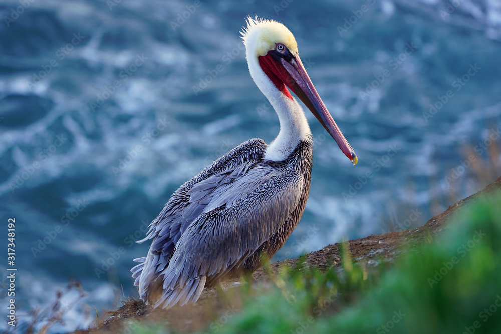 View of wild brown California pelicans (Pelecanus occidentalis californicus) in the La Jolla cove near San Diego, California
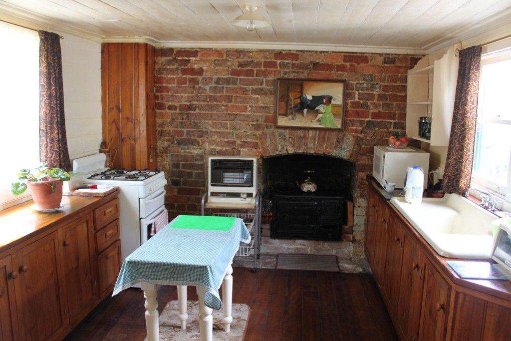 * Timber kitchen with gas cooker, original brick fireplace with a 'Stratford' fuel stove
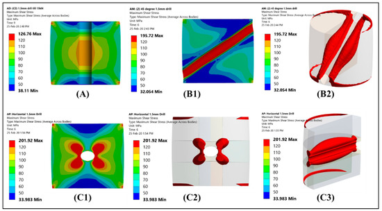 Maximum shear stress plots at 9000 N for (A) vertical drill hole orientation, (B1,B2) angular drill hole orientation and (C1,C2,C3) horizontal drill hole orientation.
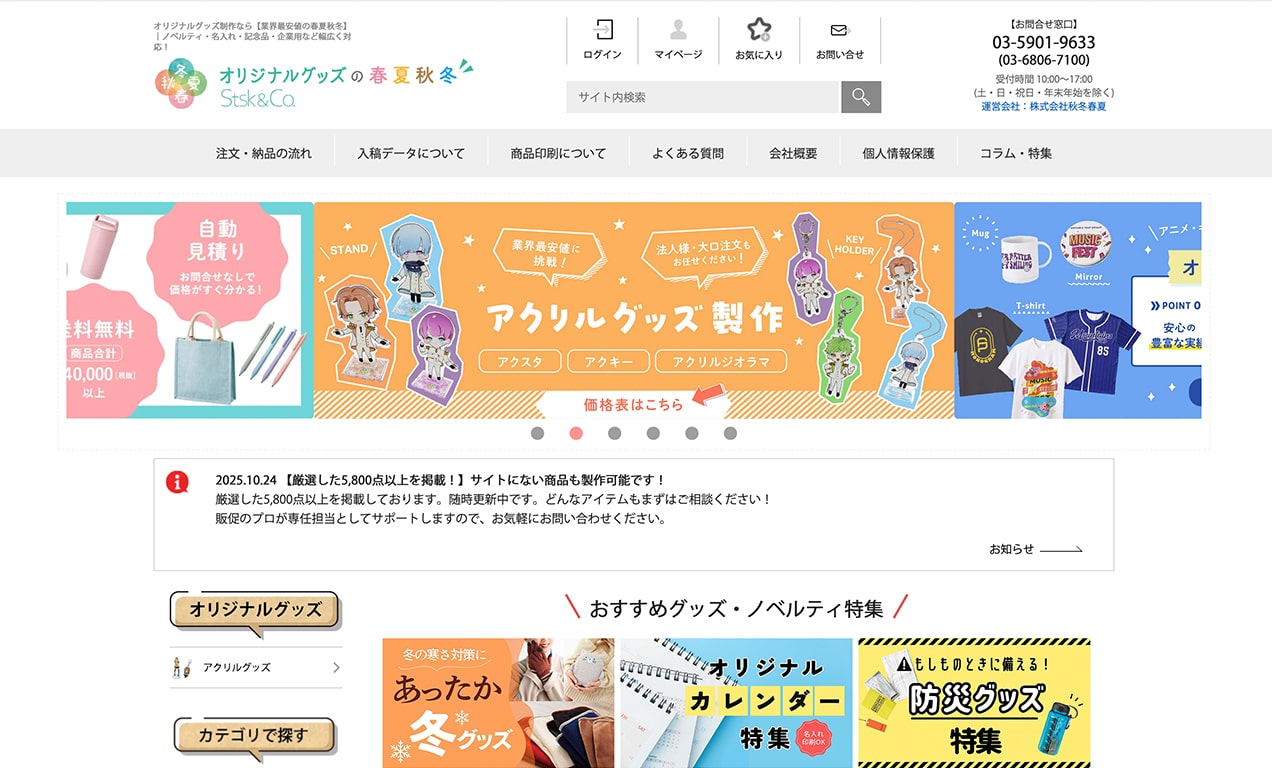 株式会社 秋冬春夏様は、ノベルティ、記念品、企業用グッズなどのオリジナルグッズ制作を専門とされている企業です。
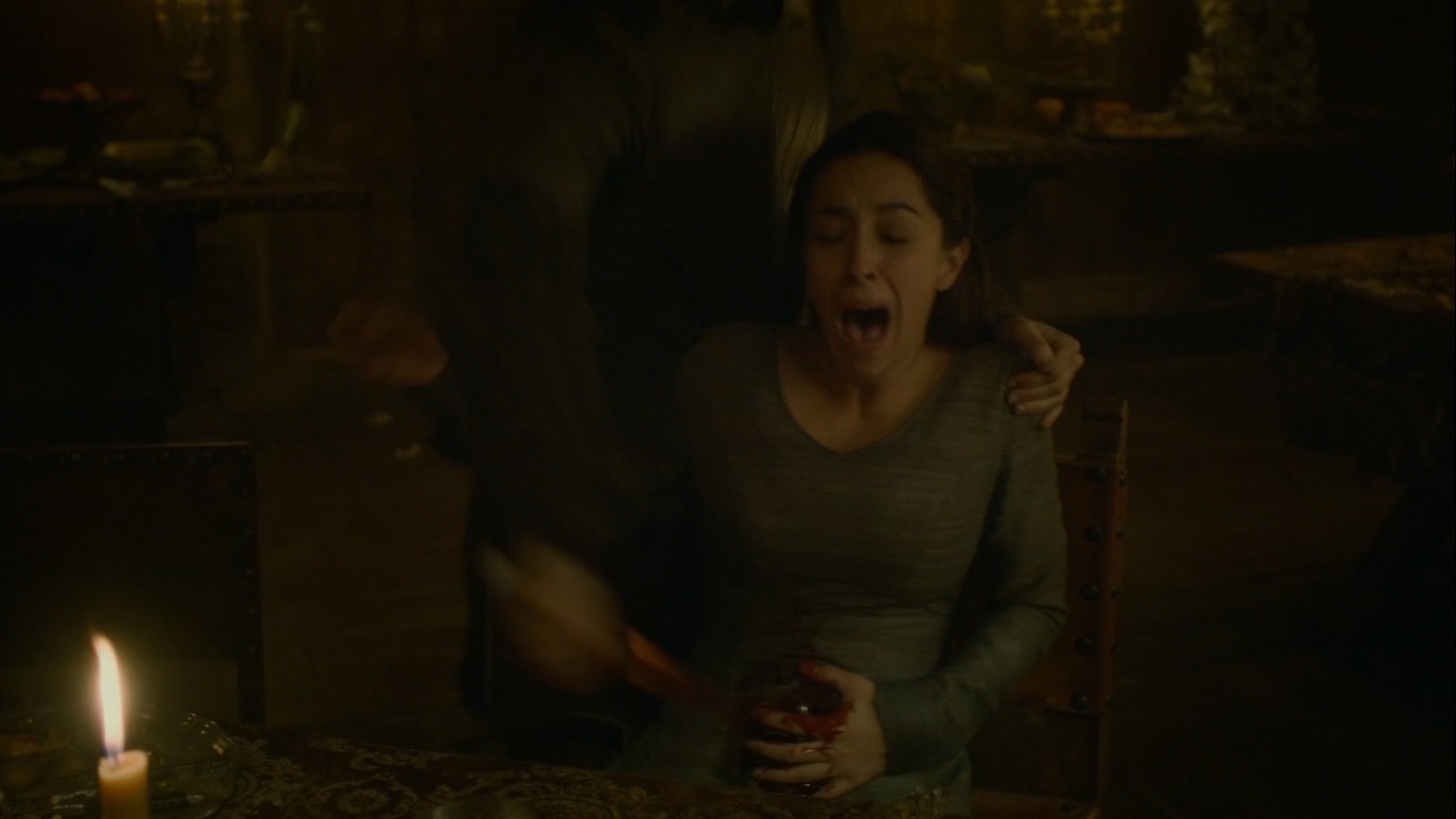 Nei confronti della sposa del giovane lupo Robb Stark, creatori e sceneggiatori della serie sono stati anche più crudeli dello stesso Martin. Nei libri la ragazza si salva (anche se in effetti si tratta di tutto un altro personaggio, Jeyne Westerling), ma in Game of thrones la bella Talysa di Volantis, incinta del re del nord, si becca una coltellata proprio nel ventre che porta il frutto del suo amore con l’erede di Ned Stark. Nel mio carminio ricordo delle Nozze Rosse è senz’altro uno dei momenti più terribili.
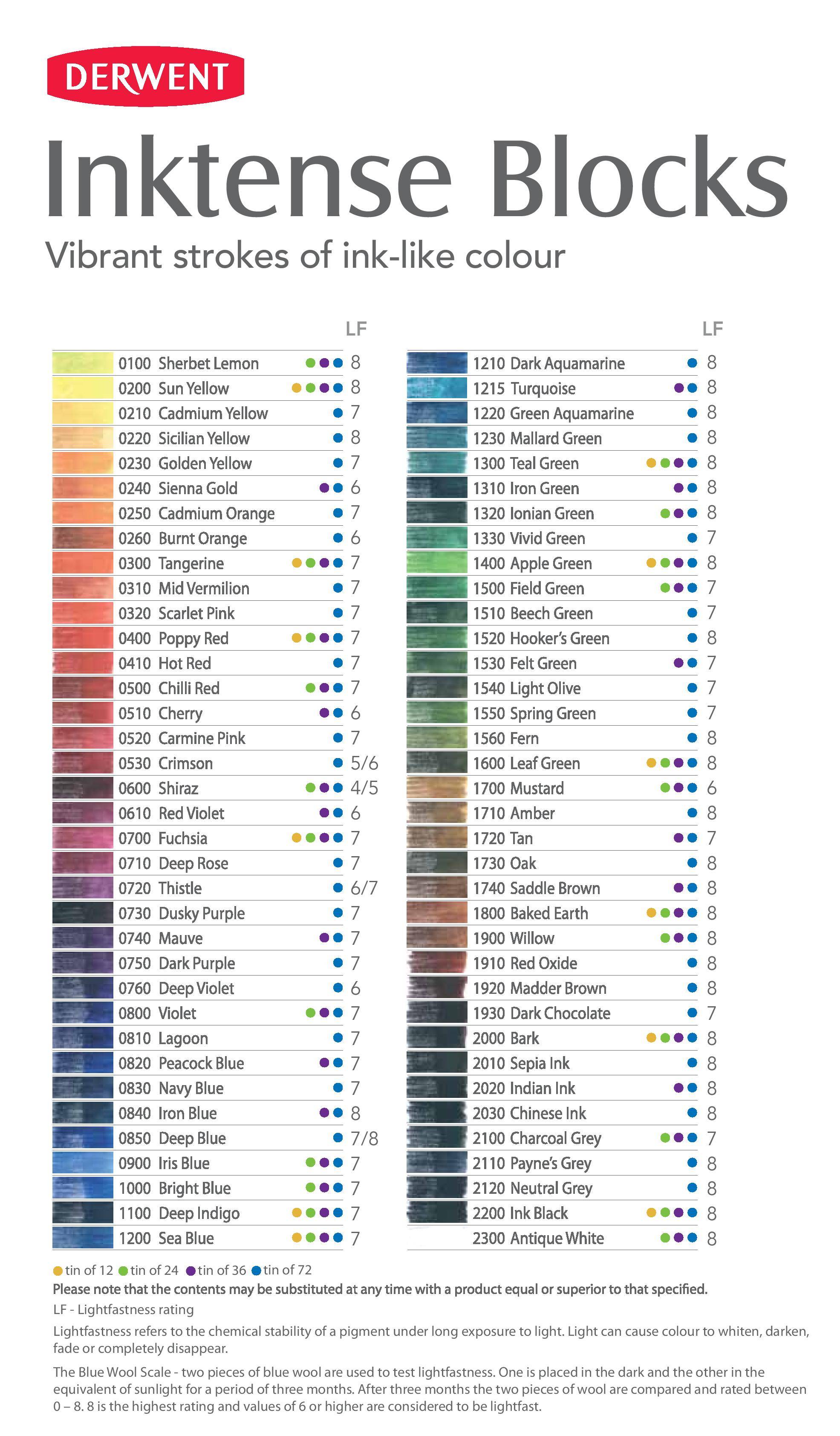 Водорастворимые блоки Derwent Inktense позволяют работать в любой технике: 'мокрой', сухой или смешанной. В наборе вся цветовая гамма серии Derwent Inktense Blocks. Цвета легко смешивать как одновременно, так и послойно. Это позволяет создавать бесконечное количество оттенков. После размытия водой проявляется эффект чернил. Повторно размыть рисунок не получится. После высыхания рисунок, сделанный блоками Inktense, становится устойчивым к влаге. Помимо классических поверхностей (бумага, картон, дерево) позволяет работать на шелке или хлопке. Форма блоков позволяет работать как с тонкими штрихами, так и с большими по полощади участками. Блоки Derwent Inktense не крошатся и почти не оставляют пыль при работе
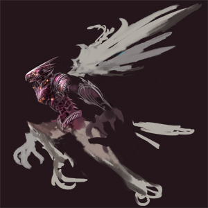 翼を画面内に収めると、全体的に描き込みがつぶれちゃうので、キャラシートということもあり、小ぢんまりさせる直立ポーズにしました。性格も荒々しいというよりはまじめな武人タイプの人間なのでこっちの方が合ってる気がします。腹部~下半身もそれにあわせて少しガッチリ目に。
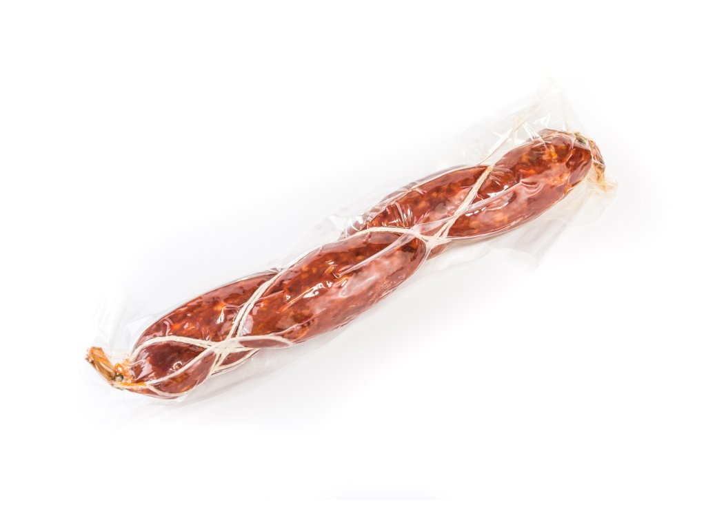 Další informace: Alergen: hořčice. Bez lepku a bez laktózy. Na 100 g výrobku bylo použito 162 g masa. Masný výrobek trvanlivý fermentovaný. Nejedlé střívko. Hmotnost 350 g.
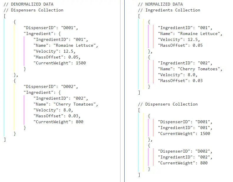 Before we proceed, here's an example of normalized and denormalized NoSQL data:
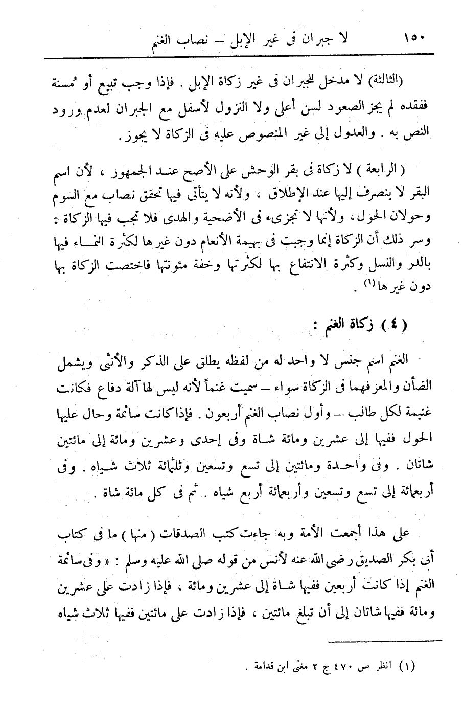 ... الغنم اسم جنس لا واحد له من لفظه يطلق على الذكر والأنثى ويشمل الضأن والمعز فهما في الزكاة سواء- سميت غنما لأنه ليس لها آلة دفاع فكانت غنيمة لكل طالب- وأول نصاب الغنم أربعون. فإذا كانت سائمة وحال عليها الحول ففيها إلى عشرين ومائة شاة وفي إحدى وعشرين ومائة إلى مائتين شاتان. وفي واحدة ومائتين إلى تسع وتسعين وثلاثمائة ثلاث شياه. وفي أربعمائة إلى تسع وتسعين وأربعمائة أربع شياه. ثم في كل مائة شاة.
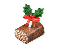 加えて、フランス語で「クリスマスの薪」を意味する、丸太の形をしたフランスの伝統的なケーキ「ブッシュドノエル」が新登場(※)。一般的なロールケーキはスポンジ生地を使っていますが、こんにゃく粉を使用したクレープ生地にアレンジ。薪の色味は濃厚なチョコレートで再現し、もちっと柔らかな食感と濃厚な味わいを楽しめるクリスマスケーキに仕上げました。
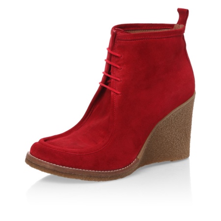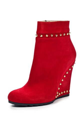 Stylish ankle boots in bright colors on a comfortable and reliable wedge heels look very original and youthful. Such shoes perfectly complement almost any outfit.Suede booties with metallic spikes on a wedge heel are especially attractive. Such models can be equipped with lacing or fur in the area of the shaft (for the winter season).
####
The listing above should be repeated word for word, with every image left out.

• _REPLY TO THE TASK_:
 View of wild brown California pelicans (Pelecanus occidentalis californicus) in the La Jolla cove near San Diego, California
 * Timber kitchen with gas cooker, original brick fireplace with a 'Stratford' fuel stove
 Maximum shear stress plots at 9000 N for (A) vertical drill hole orientation, (B1,B2) angular drill hole orientation and (C1,C2,C3) horizontal drill hole orientation.
 株式会社 秋冬春夏様は、ノベルティ、記念品、企業用グッズなどのオリジナルグッズ制作を専門とされている企業です。
 Nei confronti della sposa del giovane lupo Robb Stark, creatori e sceneggiatori della serie sono stati anche più crudeli dello stesso Martin. Nei libri la ragazza si salva (anche se in effetti si tratta di tutto un altro personaggio, Jeyne Westerling), ma in Game of thrones la bella Talysa di Volantis, incinta del re del nord, si becca una coltellata proprio nel ventre che porta il frutto del suo amore con l’erede di Ned Stark. Nel mio carminio ricordo delle Nozze Rosse è senz’altro uno dei momenti più terribili.
 Водорастворимые блоки Derwent Inktense позволяют работать в любой технике: 'мокрой', сухой или смешанной. В наборе вся цветовая гамма серии Derwent Inktense Blocks. Цвета легко смешивать как одновременно, так и послойно. Это позволяет создавать бесконечное количество оттенков. После размытия водой проявляется эффект чернил. Повторно размыть рисунок не получится. После высыхания рисунок, сделанный блоками Inktense, становится устойчивым к влаге. Помимо классических поверхностей (бумага, картон, дерево) позволяет работать на шелке или хлопке. Форма блоков позволяет работать как с тонкими штрихами, так и с большими по полощади участками. Блоки Derwent Inktense не крошатся и почти не оставляют пыль при работе
 翼を画面内に収めると、全体的に描き込みがつぶれちゃうので、キャラシートということもあり、小ぢんまりさせる直立ポーズにしました。性格も荒々しいというよりはまじめな武人タイプの人間なのでこっちの方が合ってる気がします。腹部~下半身もそれにあわせて少しガッチリ目に。
 Další informace: Alergen: hořčice. Bez lepku a bez laktózy. Na 100 g výrobku bylo použito 162 g masa. Masný výrobek trvanlivý fermentovaný. Nejedlé střívko. Hmotnost 350 g.
 Before we proceed, here's an example of normalized and denormalized NoSQL data:
 ... الغنم اسم جنس لا واحد له من لفظه يطلق على الذكر والأنثى ويشمل الضأن والمعز فهما في الزكاة سواء- سميت غنما لأنه ليس لها آلة دفاع فكانت غنيمة لكل طالب- وأول نصاب الغنم أربعون. فإذا كانت سائمة وحال عليها الحول ففيها إلى عشرين ومائة شاة وفي إحدى وعشرين ومائة إلى مائتين شاتان. وفي واحدة ومائتين إلى تسع وتسعين وثلاثمائة ثلاث شياه. وفي أربعمائة إلى تسع وتسعين وأربعمائة أربع شياه. ثم في كل مائة شاة.
 加えて、フランス語で「クリスマスの薪」を意味する、丸太の形をしたフランスの伝統的なケーキ「ブッシュドノエル」が新登場(※)。一般的なロールケーキはスポンジ生地を使っていますが、こんにゃく粉を使用したクレープ生地にアレンジ。薪の色味は濃厚なチョコレートで再現し、もちっと柔らかな食感と濃厚な味わいを楽しめるクリスマスケーキに仕上げました。
 Stylish ankle boots in bright colors on a comfortable and reliable wedge heels look very original and youthful. Such shoes perfectly complement almost any outfit.Suede booties with metallic spikes on a wedge heel are especially attractive. Such models can be equipped with lacing or fur in the area of the shaft (for the winter season).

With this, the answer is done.